Optimum Encapsulation - Wacker Chemie AG

Optimum Encapsulation

Stress Caused by Blue Light

The liquid silicone is applied by dropping it on to the LED in a single operation. It encapsulates the chip, at the same time forming its optical lens. LUMISIL® therefore also helps to simplify production processes.

In practice, the encapsulation materials are simultaneously exposed to heat and light – particularly blue light in the case of white LEDs. The aging process that this causes can be simulated in the laboratory by the blue-flux test, in which disk-shaped test specimens of the cured encapsulants are irradiated at a temperature of 85 °C with blue LEDs operated at a power of 5 watt. At certain intervals, the light transmittance and yellowing of the test disks are measured. Tests show that LUMISIL® 770 retains its high light transmittance even after 1,000 hours. As with every polymer, slight yellowing is detectable in silicone, too. However, it is not apparent to the naked eye and can be considered negligible.

Corrosive gases, too, cause LEDs to age. This is particularly noticeable with the effect of hydrogen sulfide, which is mainly emitted in exhaust fumes in large towns and can pose a problem for exterior lighting applications. In the interior of the LED packages, many surfaces are silvered so that they reflect the incident light toward the encapsulant. However, silver tarnishes immediately in the presence of hydrogen sulfide – even trace amounts – due to the formation of black silver sulfide. This sulfur corrosion may be severe enough even to show through the encapsulation. The encapsulation should therefore also act as a barrier to hydrogen sulfide and other gases that can form hydrogen sulfide.

The sulfur corrosion test shows that the two high-refractive silicones act as a particularly effective gas barrier – due to the presence of phenyl groups in the molecular structure. “The best performance is exhibited by LUMISIL® 591,” says Dr.

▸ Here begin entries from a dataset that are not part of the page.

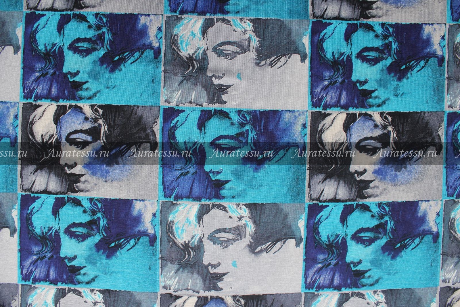 Дополнительная информация:Трикотаж средней плотности с принтом в виде фотографий Мерилин Монро размером 15x9 см в бирюзовых, темно-васильковых и серых тонах. Хорошо драпируется, пластичный и упругий. Подходит для пошива облегающей одежды. Рекомендации по уходуДжерси, трикотаж шерстяной, полушерстяной: Стирать трикотаж из шерсти рекомендуется в воде комнатной температуры (до 30°С) с использованием качественного жидкого моющего средства - для деликатных тканей. Режим стирки – для деликатных тканей или шерсть, без отжима, иначе изделие сваляется и будет валенок. Лучше отжимать трикотаж вручную, закатав изделие в махровое полотенце и сжимающими движениями, удалив излишнюю влагу. Сушить трикотажные изделия нужно наизнанку , в расправленном виде на подложке, вдали от обогревательных приборов, избегая прямого попадания солнечных лучей. Помните, что чем деликатнее ткань и ее структура, тем более деликатным должен быть уход за изделием.
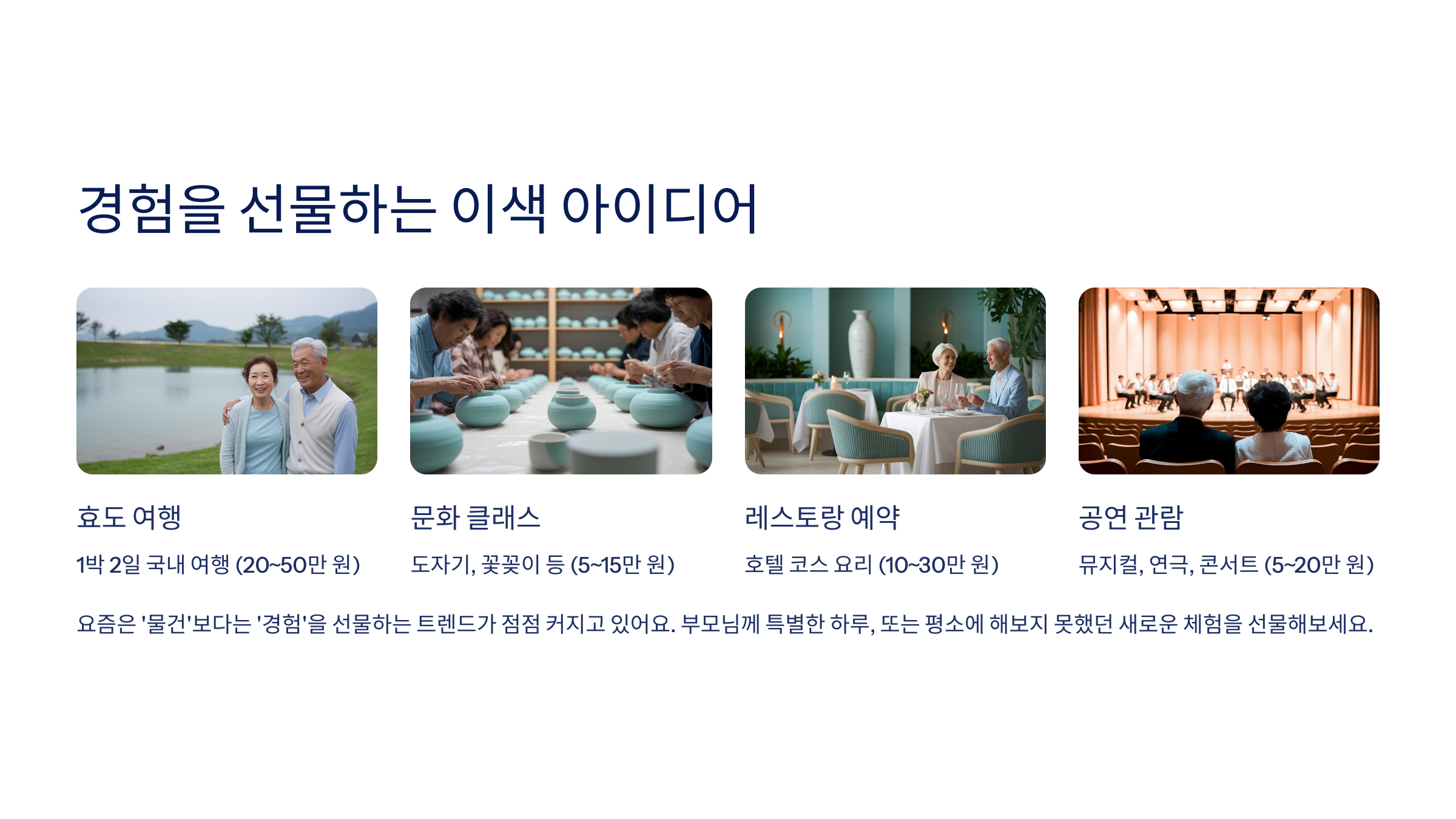 요즘은 ‘물건’보다는 ‘경험’을 선물하는 트렌드가 점점 커지고 있어요. 부모님께 특별한 하루, 또는 평소에 해보지 못했던 새로운 체험을 선물해보는 건 어떨까요? 이런 선물은 선물 그 자체보다도 ‘기억’으로 오래 남는다는 점에서 특별함이 배가돼요.
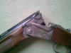 SKB Bockdoppelflinte, Modell 605 Jagd, Kal. 12/70, neuwertig, nur zweimal auf dem Schießstand benutzt, mit Goldabzug, feine Gravuren beidseitig (Ente und Fasan), Lauflänge 71 cm, kein Rost innen und außen, Choke 1/2 und voll, Ejektor vorhanden
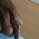 O: lesi makula eritema-hiperpigmentasi dengan ekskoriasi dan hiperkeratosis dan ragged nail a.r digiti II manus dextra
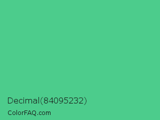 Decimal 84095232 Color is a normal green color and the nearest color is Ocean Green #48bf91. Hex code #4ccc8c and RGB value is rgb(76,204,140). In RGB color space, this color is composed of 30% red, 80% green, 55% blue, In CMYK color space, this color is composed of 63% cyan, 0% magenta, 31% yellow , 20% black , In HSL color space, this color has a hue angle of 150° , 56% saturation and 55% lightness.

Yang, who subjected the silicone to extensive applications testing at COEE in Seoul. “The light output of LEDs encapsulated with this particularly hard material decreased least in the test as a function of the exposure time to sulfurous gases.” He added that, with this product, the extremely high crosslink density had an additional inhibiting effect on gas diffusion.

Bond Wires at Risk


  • For LEDs intended to operate at high powers and with maximum luminous flux, encapsulation with LUMISIL® 740 or LUMISIL® 770 is recommended because of the high heat and light exposure that they are exposed to during service.
  • LUMISIL® 740 is particularly suitable for chip-on-board technology. An extra benefit is its extremely low VOC content.
  • If, on the other hand, the refractive index should be as high as possible to optimize the luminous efficacy, the preferred materials are LUMISIL® 590 and LUMISIL® 591.
  • LUMISIL® 591 is tailor-made for encapsulating single-chip LEDs, as are used for backlighting displays of smart phones, laptops and TVs. Besides their high refractive index, their excellent barrier effect with respect to sulfurous gases is another benefit in these applications.

LEDs must also be resistant to temperature changes. In aircraft, cars or street lighting, they are continually subjected to severe temperature fluctuations, which lead to mechanical stresses due to the different thermal expansions of the installed materials. The thin bond wires are particularly susceptible. If they break off, the LED fails immediately. The LED industry therefore places great importance on thermal shock resistance.

To investigate how much the new silicone encapsulants contribute to thermal shock resistance, LED chips were encapsulated with the new silicone products, and the packages that were produced in this way were investigated in industry-standard temperature cycling tests. In this test, the LED to be analyzed is repeatedly rapidly cooled to –45 °C and heated to +125 °C in half-hour cycles in the test rig. After several thermal cycles, it is tested whether the LED still lights up.

In these tests, LUMISIL® 740, LUMISIL® 770 and LUMISIL® 590 – whose vulcanizates reached a medium hardness, and which are therefore relatively flexible – performed best: the LEDs encapsulated with these products withstood over 1,000 cycles. “With the very hard LUMISIL® 591 (40 Shore D), the LEDs still withstood 950 cycles,” explains Dr. Yang. “Silicone is thus superior to rival high-refractive-index (HRI) materials of comparable hardness.”

Another special feature of LUMISIL® 740 and LUMISIL® 770 is that they contain extremely few volatile substances, which WACKER achieves by pretreatment of the feedstocks used. The LED industry makes every effort to avoid VOCs, which can interfere with the production processes. The two new normal-refractive-index (NRI) silicones provide maximum safety in this respect.